On the ninth day of the strike, Korolev met with Grishkin and Stoiko in the
Salyut that Grishkin would ordinarily have shared with the Plumber.
For forty years the inhabitants of Kosmograd had fought an antiseptic war
against mold and mildew. Dust, grease, and vapor wouldn't settle in free fall,
and spores lurked everywhere-in padding, in clothing, in the ventilation
ducts. In the warm, moist petri-dish atmosphere, they spread like oil slicks.
Now there was a reek of dry rot in the air, overlaid with ominous whiffs of
burning insulation.
Korolev's sleep had been broken by the hollow thud of a departing Soyuz
lander. Glushko and his wife, he supposed. During the past forty-eight hours,
Yefremov had supervised the evacuation of the crew members who had refused to
join the strike. The gun crew kept to the gun room and their barracks ring,
where they still held Nikita the Plumber.

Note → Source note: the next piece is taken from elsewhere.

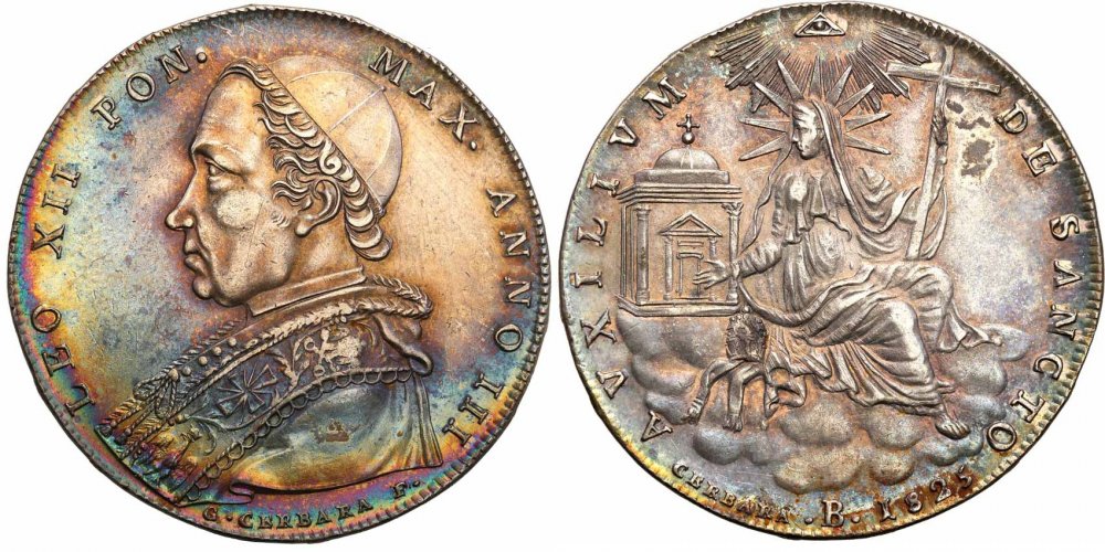 Sotto propongo tre patine diverse di uno Scudo Pontificio di Leone XII: la prima è quella che ritengo coeva (evidentemente però non piaceva perché troppo "pesante" e la moneta è andata invenduta - asta Nomisma); la seconda è una patina smaccatamente iridescente e certamente posticcia (asta dell'Est Europa); la terza è stata venduta ad un'asta NAC e mi lascia perplesso (patina aiutata?). Esistono poi patine diverse che si sono formate negli anni verosimilmente su monete inizialmente pulite ...

Grishkin's Salyut had become strike headquarters. None of the male strikers
had shaved, and Stoiko had contracted a staph infection that spread across his
forearms in angry welts. Surrounded by lurid pinups from American television,
they resembled some degenerate trio of pornographers. The lights were dim;
Kosmograd ran on half power. "With the others gone," Stoiko said, "our hand is
strengthened."
Grishkin groaned. His nostrils were festooned with
white streamers of surgical cotton. He was convinced that Yefremov would try
to break the strike with beta-carboline aerosols. The cotton plugs were just
one symptom of the general level of strain and paranoia. Before the evacuation
order had come from Baikonur, one of the technicians had taken to playing
Tchaikovsky's 1812 Overture at shattering volume for hours on end. And Glushko
had chased his wife, naked, bruised, and screaming, up and down the length of
Kosmograd. Stoiko had accessed the KGB man's files and Bychkov's psychiatric
records; meters of yellow printout curled through the corridors in flabby
spirals, rippling in the current from the ventilators.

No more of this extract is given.